500 days alone in a cave: why Beatriz Flamini lost track of time?


The athlete Beatriz Flamini has accomplished a feat: 500 days in total isolation in a cave 70 meters deep. Fresh out of the experience, she explained to the media that she had lost track of time. What mechanisms are at the origin of this scrambling of time in such a context?

The story of Beatriz Flamini made the media rounds in mid-April 2023. This 50-year-old Spanish athlete spent 510 days in a cave, 70 meters deep, completely isolated. Admittedly, this is a record now listed in the Guinness Book. But this isolation also constitutes a scientific experiment and, at the heart of it, the question of our approach to time.

On the 65th day, I stopped counting and lost track of time “said Beatriz Flamini. When the time came to leave the cave, when her friends and colleagues arrived, she was unaware that it was the 500th day: for her, at this stage, she had only spent 160-170 days. How to explain that our brain ends up losing the notion of time in such circumstances? Psychologist Ruth Ogden looked into the matter and gave some explanations in The Conversation, April 20.

500 days lived in 160 days

If the notion of time was lost for Ruth Ogden, it is perhaps already quite simply because this very notion was not totally relevant in the context of this cave: it gradually gave less importance over time.

But the phenomenon is deeper still: time is not just a matter of the clock. “ Our actions, emotions, and changes in our environment can have a huge effect on how our minds sense time. “, explains Ruth Ogden.

Beatriz Flamini when entering the cave for 500 days. // Source: @beatriz_flamini (instagram account)

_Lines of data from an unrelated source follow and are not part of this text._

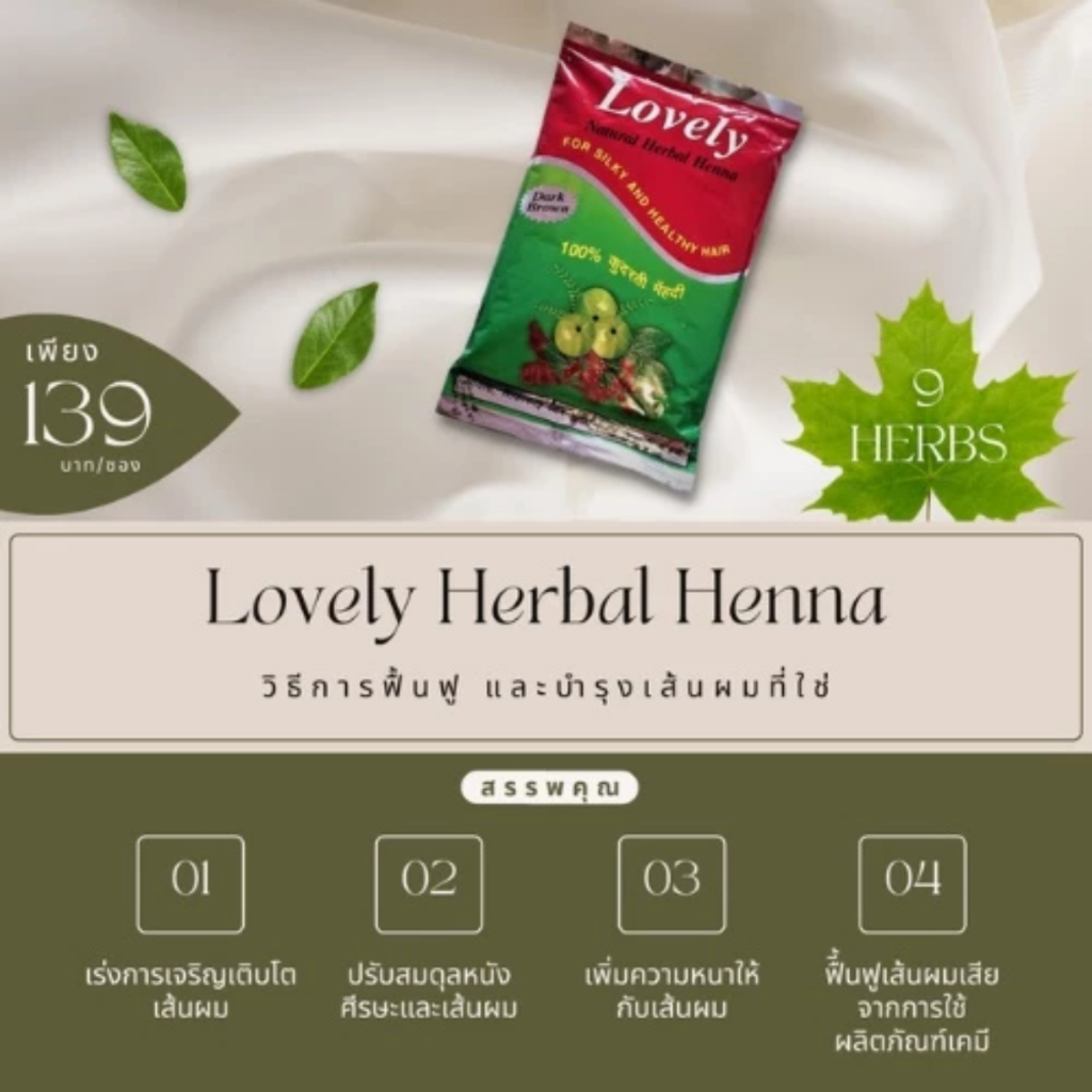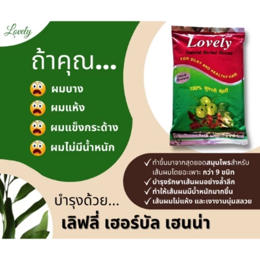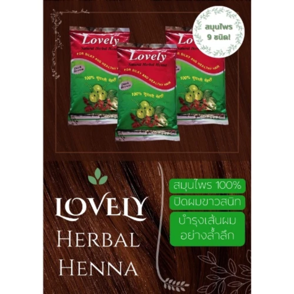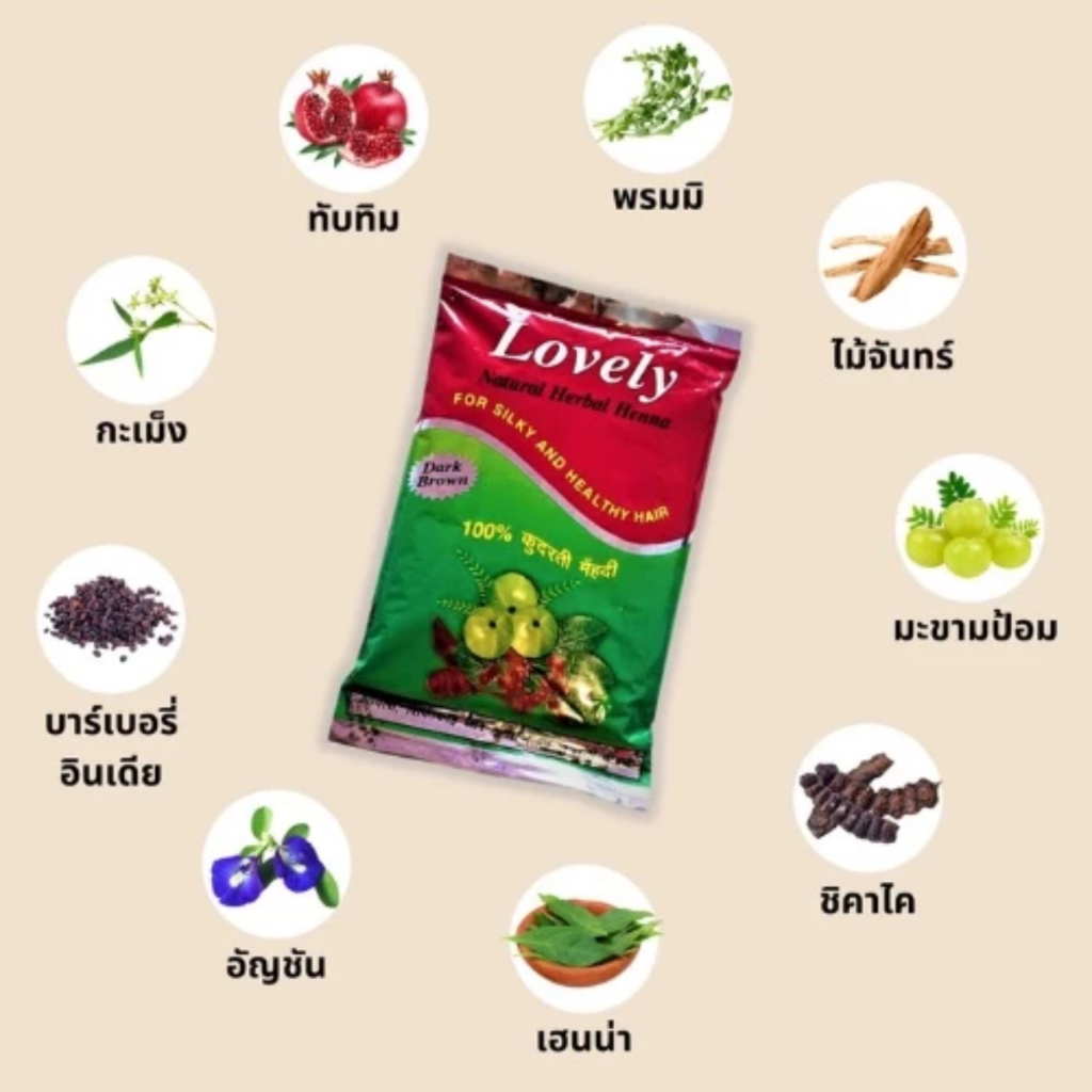 Lovely Herbal Henna ผงย้อมสมุนไพรเลิฟรี่ เฮนน่า สูตรผสมเสร็จ ปลอดภัย ปราศจากสารเคมี จากอินเดีย ปกปิดผมขาว (200 g)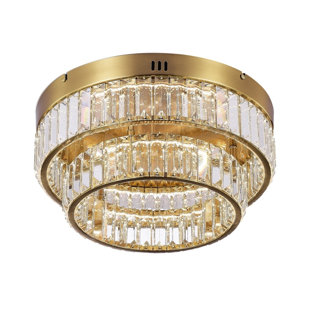 The Stella Collection double tier flushmount features dazzling crystals which are illuminated by bright LED. The frame is finished in a rich brushed brass. Due to its LED light source it is energy efficient. This model is dimmable and back with a 5 year warranty on the LED.
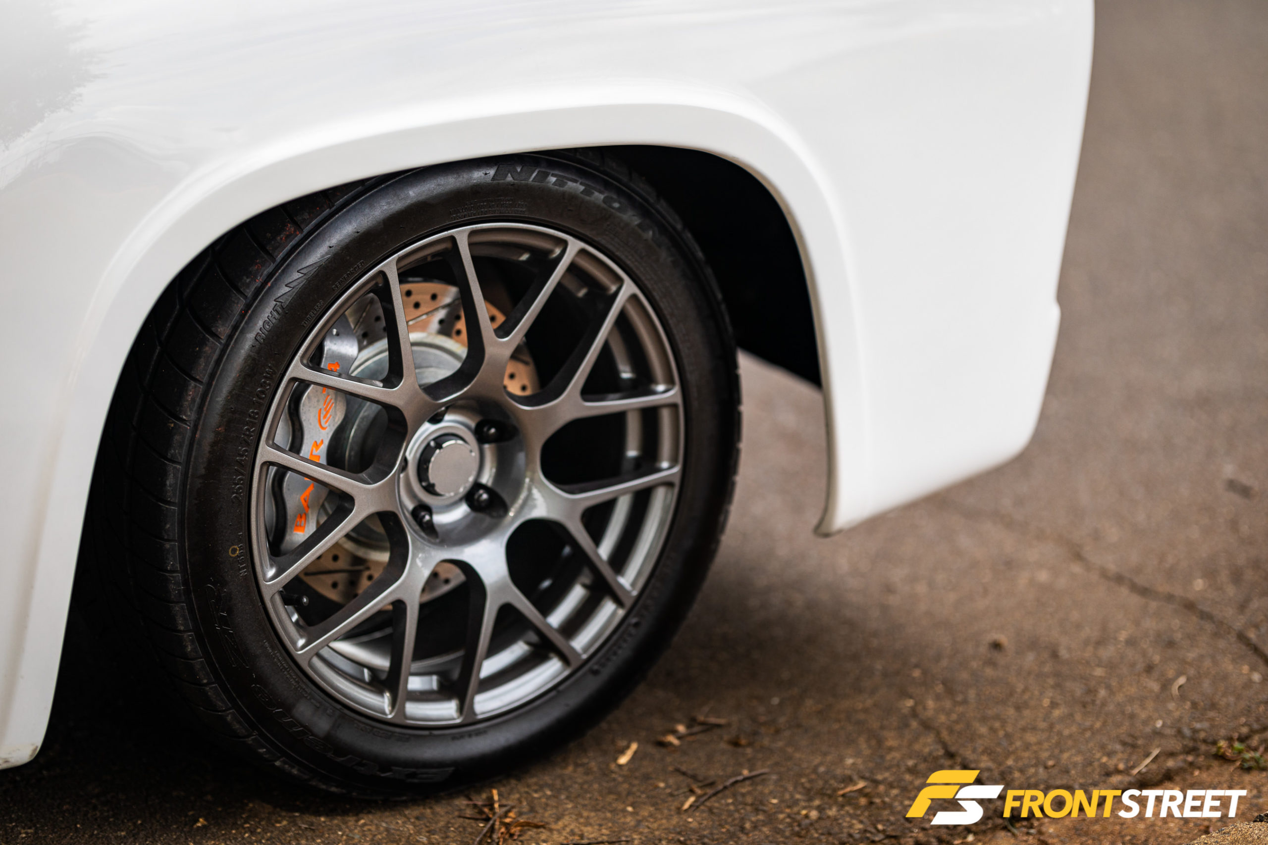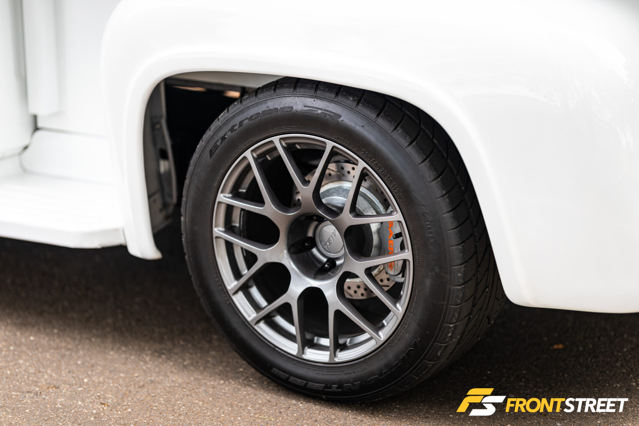 Under the F-100’s hood, you’ll find the twin-turbocharged 3.5-liter EcoBoost crate engine in Ford Performance trim, which produces 365 horsepower and 420 lb-ft of torque. That’s more than enough to get this vintage truck moving and far more than the 130 horsepower that was delivered by the truck’s original engine. The boosted setup needs to be intercooled, and Vibrant Performance supplied a custom intercooler and plumbing to keep that clean look. The same goes for the exhaust, with the turbos breathing through 3-inch custom bent stainless steel piping. Backing the boosted powerplant is an American Powertrain TREMEC TKO600 five-speed manual transmission, which gives Sutton complete control of the truck’s power and performance. Scott Bowers of Ron Francis Wiring set the truck up with his company’s components to ensure each of the pieces could communicate properly over the electrical network; he tucked the wiring so clean that it’s as if it’s not even there. Power gets to the ground by way of TSW Nurburging 18-inch wheels wrapped in 295/45ZR18 Nitto NT555 tires in the rear, while the 245/45/ZR18 variant sits out front.

To follow the passage of time, our way of life, in society, is full of signals. There are of course our watches or the time on electronic devices, but also the Sun, our personal and professional activities, social interactions. In the cave, these signals of the passage of time were absent. ” It is therefore possible that Flamini relied more on psychological processes to monitor the weather. adds Ogden.

But what psychological mechanisms can they take over? According to the psychologist, first of all there are memories, which serve as time markers. ” If we don’t know how long we’ve been doing something, we use the number of memories formed during the event as an index of how much time has passed. “, she explains. This is why it is easier to remember a week or a weekend where a lot has happened, than a relatively monotonous or banal week or weekend. Similarly, the more an event marks us, the longer we have the impression that it lasted.

“It seems that we can only really let go of time when we have control over it”

Ruth Ogden, psychologist

In the cave, strictly speaking, not much was happening, and the athlete had no information about the outside world or his relatives. She read books—sixty on one e-reader—knitted, painted, and simply waited in silence. In fact, the number of memorable memories was less. The feeling of passing time has reduced to the point where the 500 days seemed to pass as 160 days.

As Ogden points out, these explanations apply in this case to voluntary isolation. ” Flamini’s ability to break free from time may have been enhanced by her deep desire to reach her 500-day goal. After all, she was the one who decided to enter the cave and she could get out of it if she wanted to. ” In the event of forced confinement, the perception can be completely reversed: ” Prisoners of war and people serving prison sentences often report that watching the passage of time can become an obsession. It seems we can only really let go of time when we have control of it. counterbalances Ogden.